Selasa , 03 Aug 2021, 14:18 WIB Reporter :Ali Yusuf/ Redaktur : Muhammad Hafil
Tafsir Prof Quraish Shihab tentang Istitaah. Foto: Jamaah haji sedang wukuf di Arafah (Ilustrasi)
Tafsir Prof Quraish Shihab tentang Istitaah. Foto: Jamaah haji sedang wukuf di Arafah (Ilustrasi)

IHRAM.CO.ID,JAKARTA--Dalam surah Ali Imran Ayat 97 Allah SWT menegaskan kewajiban melaksanakan ibadah haji bagi yang memiliki kemampuan. Dihukumi kafir seorang yang beriman dia tidak mengerjakan haji padahal dia mampu.

 

Terkait

"....mengerjakan haji menuju Bait Allah adalah kewajiban manusia terhadap Allah, yaitu (bagi) yang sanggup mengadakan perjalanan ke sana, barang siapa mengingkari (kewajiban haji), makasesungguhnya Allah Maha Kaya dari semesta alam."

Baca Juga

Prof Quraish Shihab menjelaskan tentang redaksi dalam ayat 97 " Wallilahi ala an-nas" .

"Sungguh teliti edaksi ayat ini," tulis Prof Quraish Shihab dalam tafsirnya Al-Misbah.

Ayat itu, kata beliau, mengerjakan haji adalah kewajiban manusia. Demikian semua manusia dipanggil ke sana. Tetapi Allah Maha Bijaksana. Segera setelah menjelaskan kewajiban itu atas semua manusia, Yang Maha Bijaksana itu mengecualikan sebagian mereka dengan firman-Nya: Bagi yang sanggup mengadakan perjalananke sana. 

"Ini berarti yang tidak sanggup Allah memaafkan mereka," katanya.

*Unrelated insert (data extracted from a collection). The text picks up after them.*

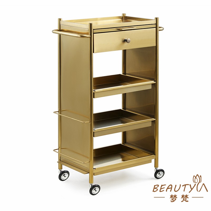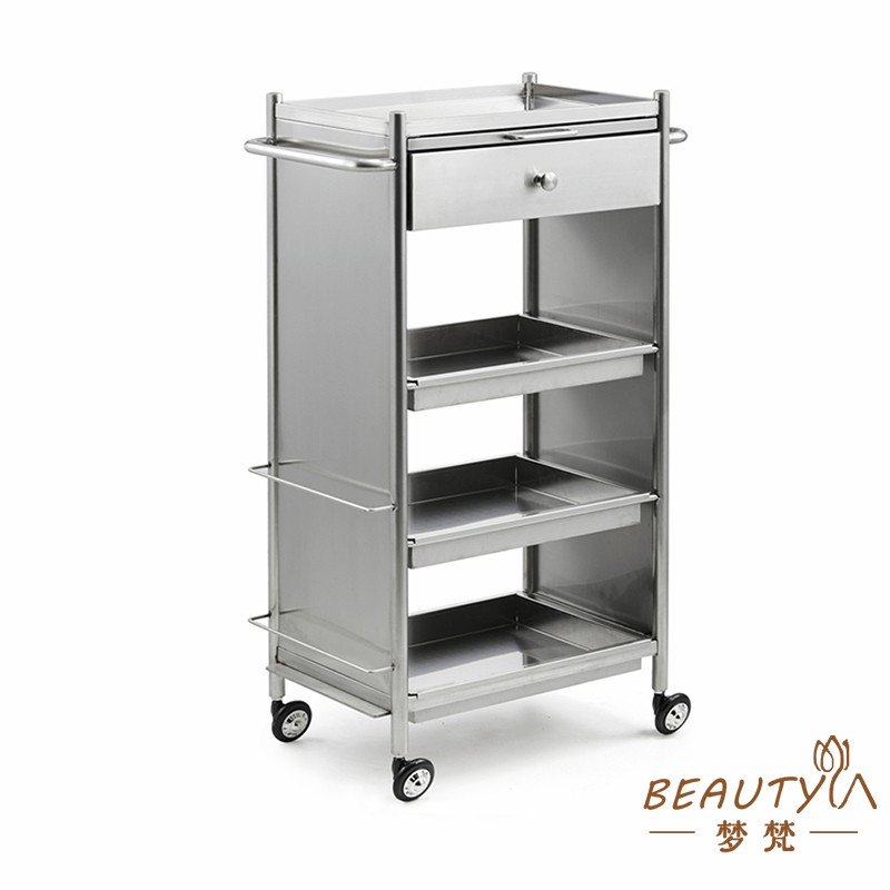 New hair stainless steel cart Hair salon tool cart Folding two countertop trolley Hair salon hot dyeing tool cabinet
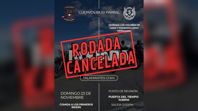 La Unión de Motociclistas de Parral anunció la suspensión de la rodada prevista para este fin de semana, una decisión tomada luego de valorar el clima de tensión que persiste en la región sur del estado tras los hechos violentos recientemente registrados.
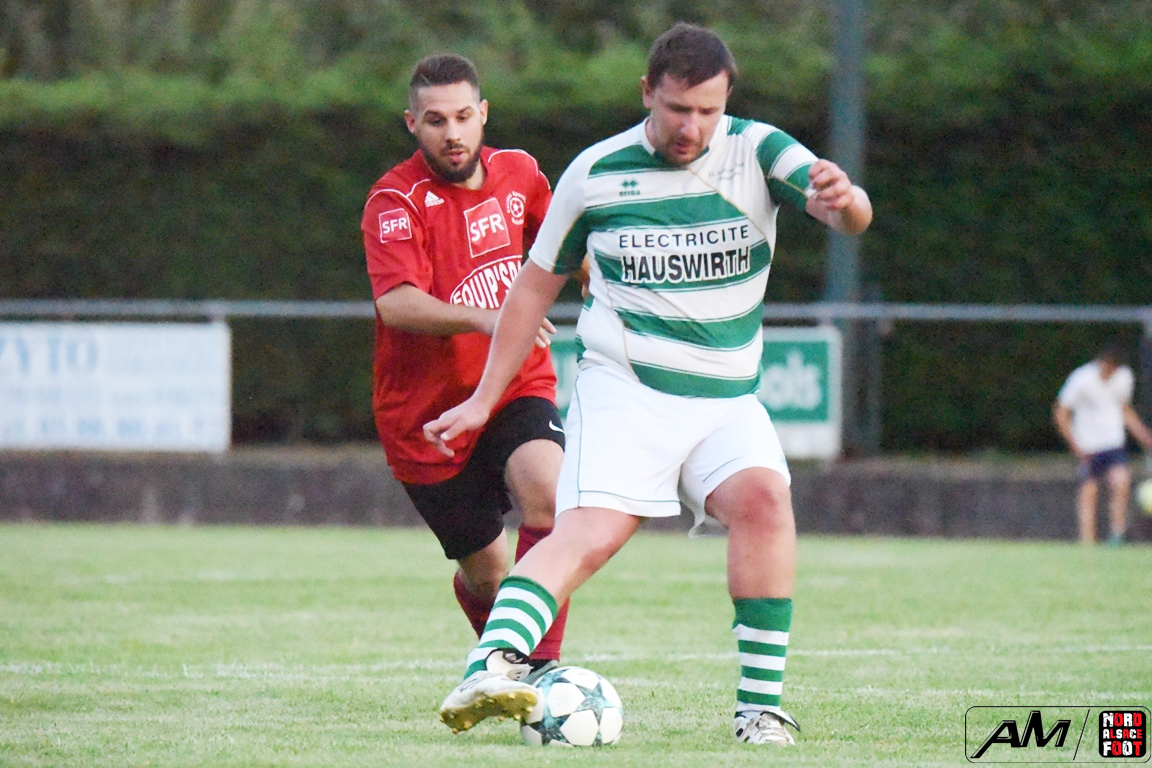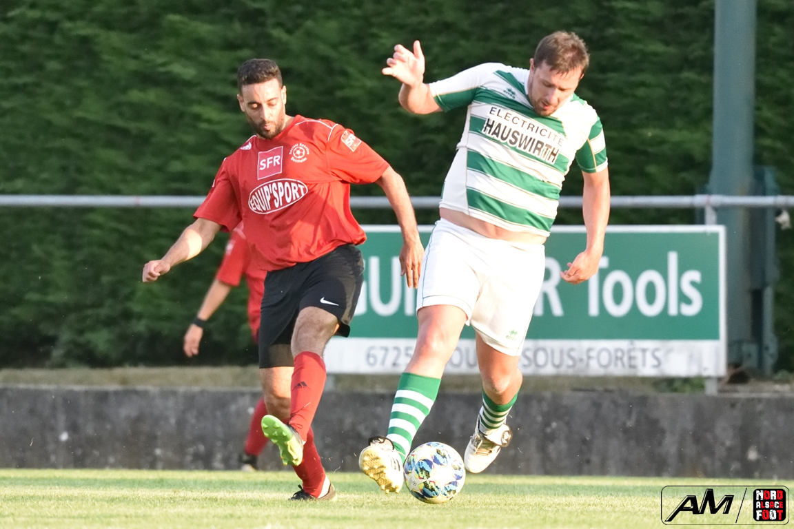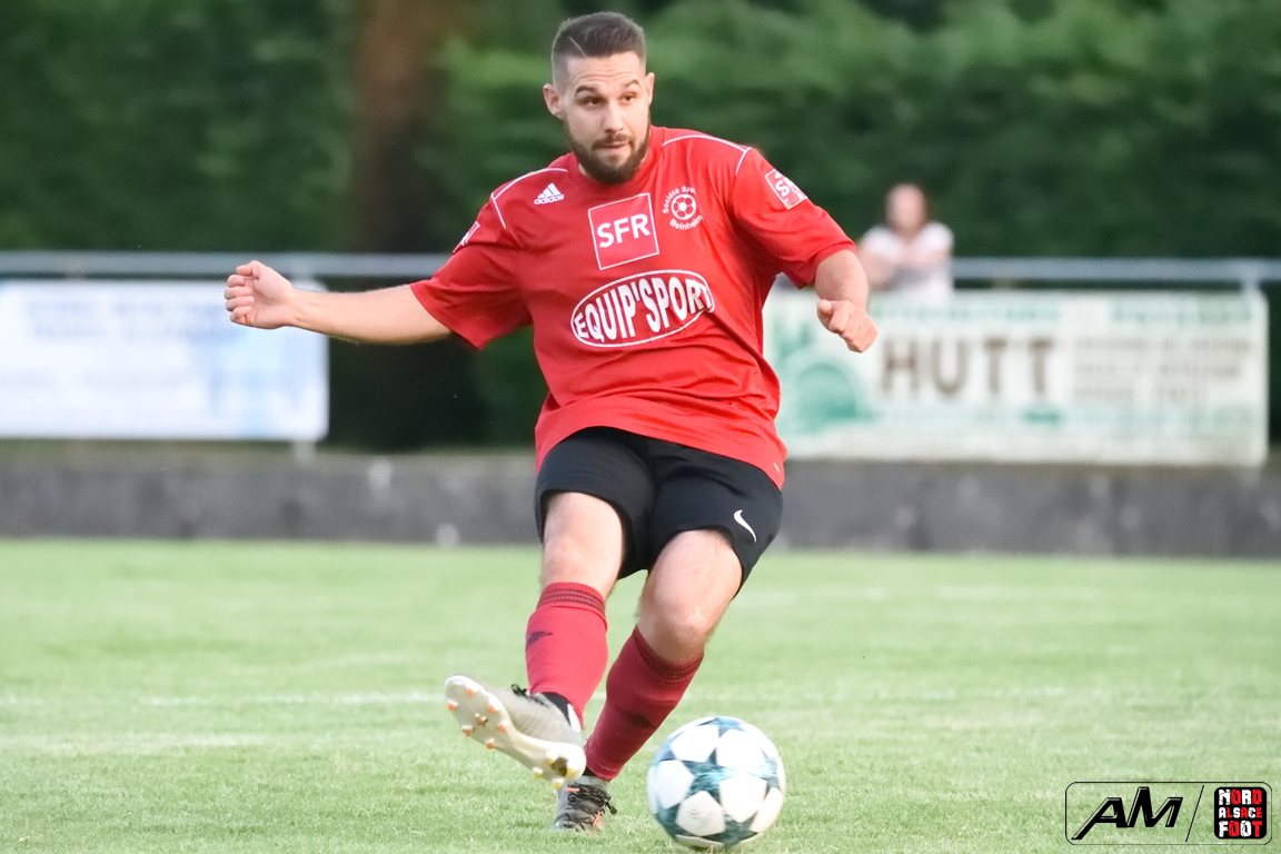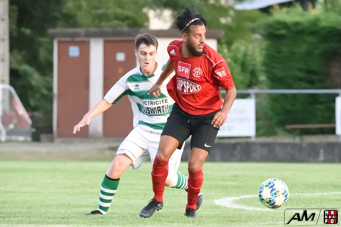 A l’occasion d’un match de préparation, les doublures du FC Soultz/s/Forêt/Kutz. accueillaient la SS Beinheim afin de tenter de travailler les premiers automatismes à un peu plus de trois semaines avant la reprise de la compétition, et ce, face à la troupe à Camolli Joël ayant à coeur de remettre le pied à l’étrier après sa lourde défaite concédée, le week-end dernier, face au Red Star Strasbourg (1-4). Après une première période se soldant par un court avantage en faveur des visiteurs grâce à des réalisations signées Hollaender Thomas (28e) et Beushausen John (42e) contre un but inscrit par Reeb Christophe (16e) pour les locaux, les rouges et noirs allaient un peu plus creuser l’écart au cours du second acte grâce à des buts signés Courdavault Florian (62e), Joël Camolli (64e et 67e) avant que les doublures soultzoises ne réduisent la marque grâce à Eyermann Jordan (81e) et, à l’entame des cinq dernières minutes de jeu, Bouchber Abdallah apporta sa pierre à l’édifice afin de permettre à son équipe de s’imposer sur ce score de 2-6! Retrouvez, ci-dessous, quelques images de cette rencontre et, pour en apprécier le contenu, veuillez cliquer sur l’une d’entre-elles pour afficher le diaporama.
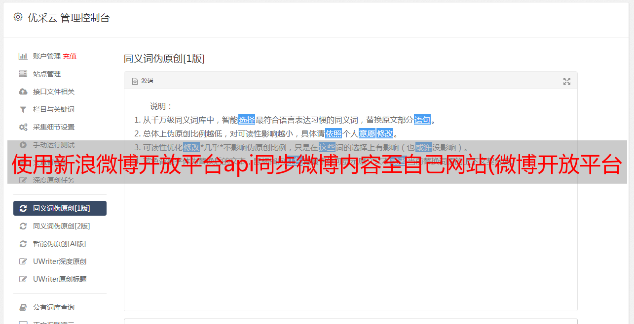 优采云 发布时间: 2021-09-28 19:30使用新浪微博开放平台api同步微博内容至自己网站(微博开放平台开发记录方便查用(图)名词介绍)
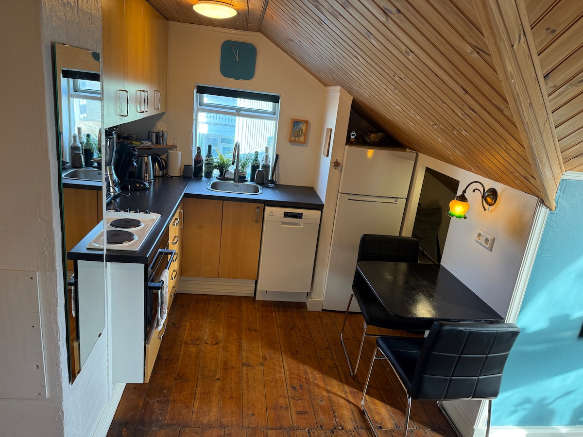 Você tem uso exclusivo deste apartamento por toda a sua estadia conosco - você não compartilhará nada com outros hóspedes. Este estúdio no 4º andar fica na parte traseira do edifício. É pequeno, limpo e arrumado. É perfeito como um crash pad para pessoas que exploram Reykjavik por alguns dias. Por favor, saiba que é um apartamento pequeno e o banheiro é compacto O banheiro é realmente pequeno e o chuveiro tem apenas 60 x 60 cm (é muito compacto).
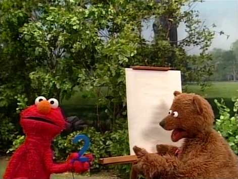 SCENE 2 | Elmo comes back with a number 2, which he wants to be seen holding in Baby Bear's picture. He asks for Baby Bear's input on what kind of pose he should make, which frustrates Baby Bear. Elmo finally decides on a pose, and just as Baby Bear is about to draw it, Elmo changes his mind again and runs off... |

Allah memaklumi keadaan mereka. Bagaimana dengan yang telah memenuhi syarat wajib melaksanakan haji, yakni yang sehat jasmani dan ruhani, memiliki kemampuan materi berupa biaya perjalanan dan selama perjalanan, serta biaya hidup untuk keluarga yang ditinggal, jalan menuju ke sana dan kembali pun aman, tidak ada perang tidak juga wabah penyakit? 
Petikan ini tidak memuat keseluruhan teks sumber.